(SOURCE INFORMATION begins)

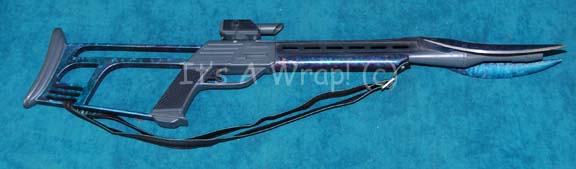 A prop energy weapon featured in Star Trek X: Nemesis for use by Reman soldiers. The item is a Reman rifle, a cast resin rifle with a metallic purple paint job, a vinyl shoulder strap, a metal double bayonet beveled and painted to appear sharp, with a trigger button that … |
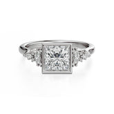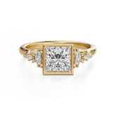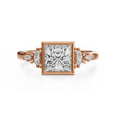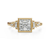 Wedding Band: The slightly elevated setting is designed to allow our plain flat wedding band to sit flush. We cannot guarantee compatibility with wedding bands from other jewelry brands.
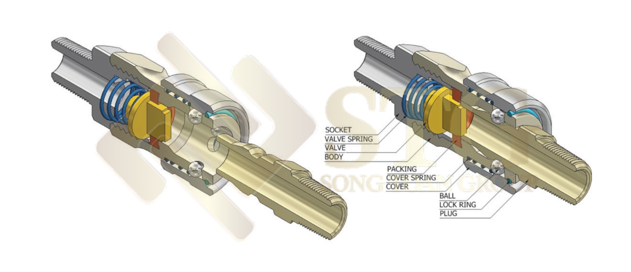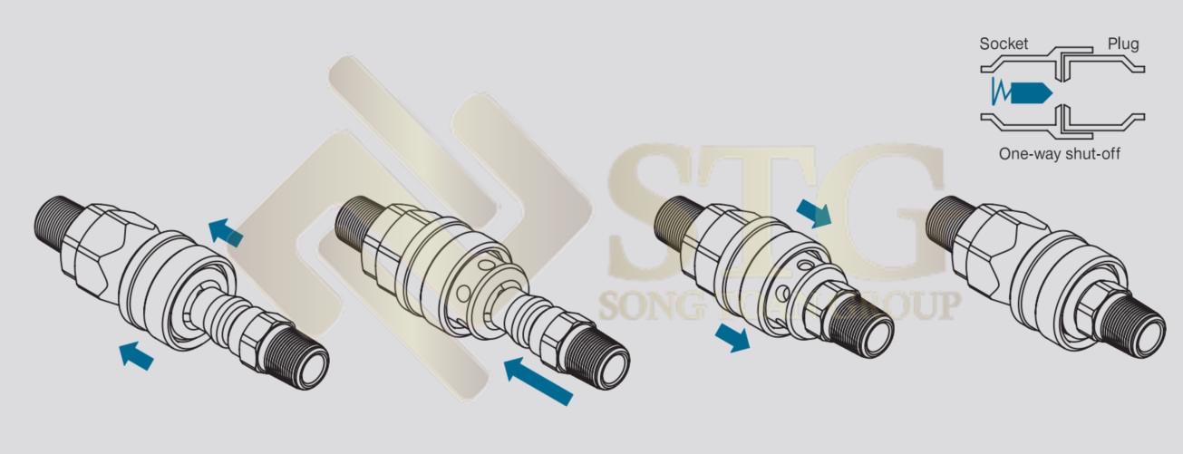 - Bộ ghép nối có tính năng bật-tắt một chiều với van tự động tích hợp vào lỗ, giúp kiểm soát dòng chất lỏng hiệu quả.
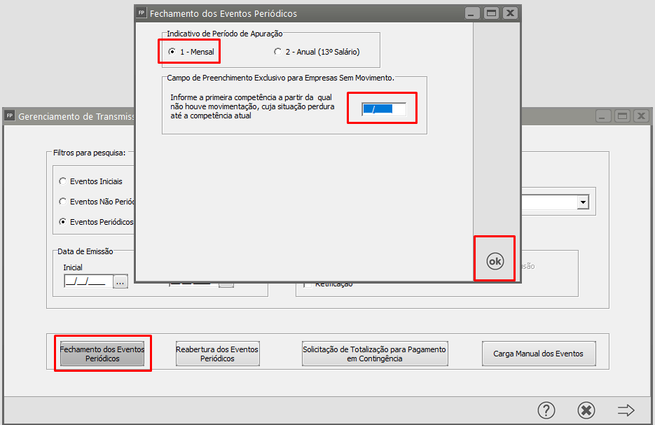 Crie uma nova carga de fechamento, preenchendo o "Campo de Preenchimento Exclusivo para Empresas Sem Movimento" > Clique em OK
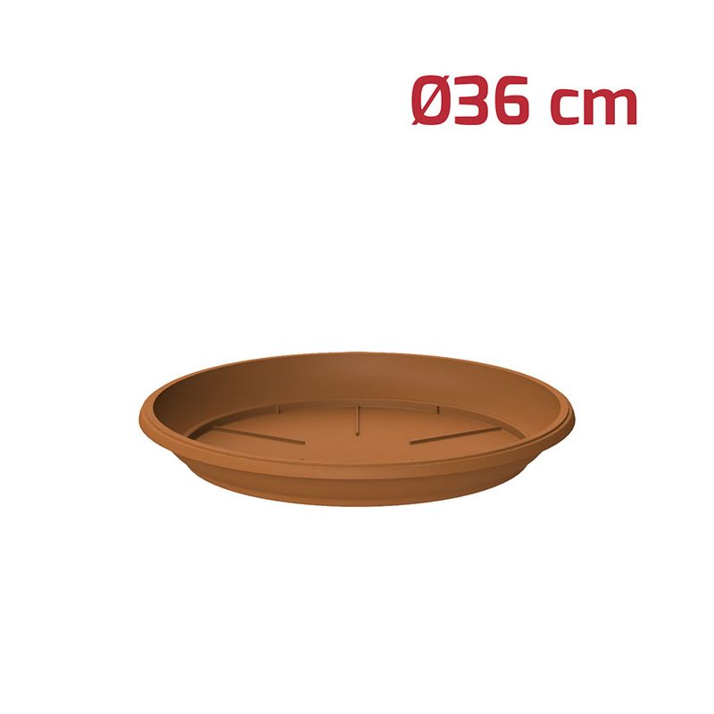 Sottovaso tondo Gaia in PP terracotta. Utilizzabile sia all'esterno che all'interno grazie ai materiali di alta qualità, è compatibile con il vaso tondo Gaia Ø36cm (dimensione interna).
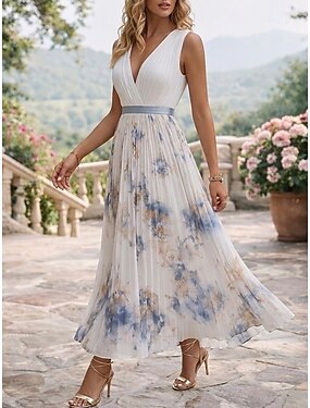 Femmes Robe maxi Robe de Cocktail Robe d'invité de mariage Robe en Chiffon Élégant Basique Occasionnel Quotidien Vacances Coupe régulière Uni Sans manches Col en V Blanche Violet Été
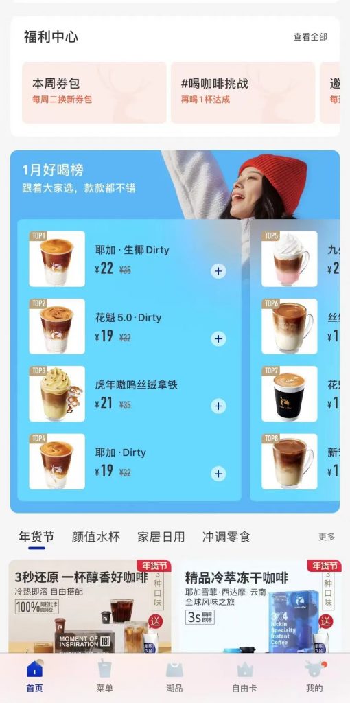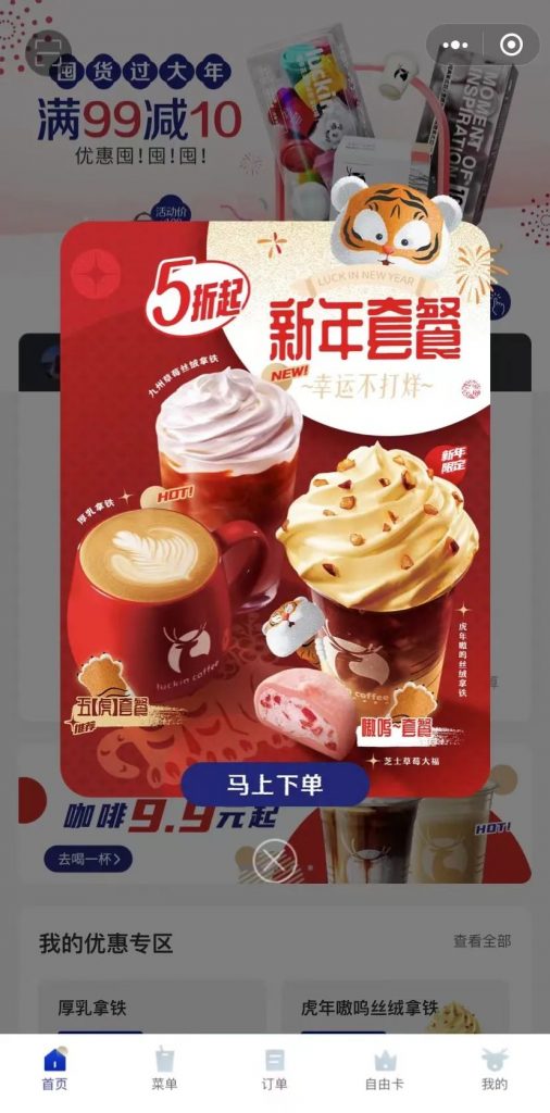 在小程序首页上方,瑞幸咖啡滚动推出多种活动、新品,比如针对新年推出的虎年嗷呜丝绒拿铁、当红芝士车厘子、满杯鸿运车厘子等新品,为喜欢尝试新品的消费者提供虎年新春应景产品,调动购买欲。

(SOURCE INFORMATION ends)

- _PROBLEM_
Please give again, word for word, the lines from the one containing "- Bộ ghép nối" through the last line of the listing above, inclusive, and leave out pictures.

- _OUTPUT OF THE TASK_
 - Bộ ghép nối có tính năng bật-tắt một chiều với van tự động tích hợp vào lỗ, giúp kiểm soát dòng chất lỏng hiệu quả.
 Crie uma nova carga de fechamento, preenchendo o "Campo de Preenchimento Exclusivo para Empresas Sem Movimento" > Clique em OK
 Sottovaso tondo Gaia in PP terracotta. Utilizzabile sia all'esterno che all'interno grazie ai materiali di alta qualità, è compatibile con il vaso tondo Gaia Ø36cm (dimensione interna).
 Femmes Robe maxi Robe de Cocktail Robe d'invité de mariage Robe en Chiffon Élégant Basique Occasionnel Quotidien Vacances Coupe régulière Uni Sans manches Col en V Blanche Violet Été
 在小程序首页上方,瑞幸咖啡滚动推出多种活动、新品,比如针对新年推出的虎年嗷呜丝绒拿铁、当红芝士车厘子、满杯鸿运车厘子等新品,为喜欢尝试新品的消费者提供虎年新春应景产品,调动购买欲。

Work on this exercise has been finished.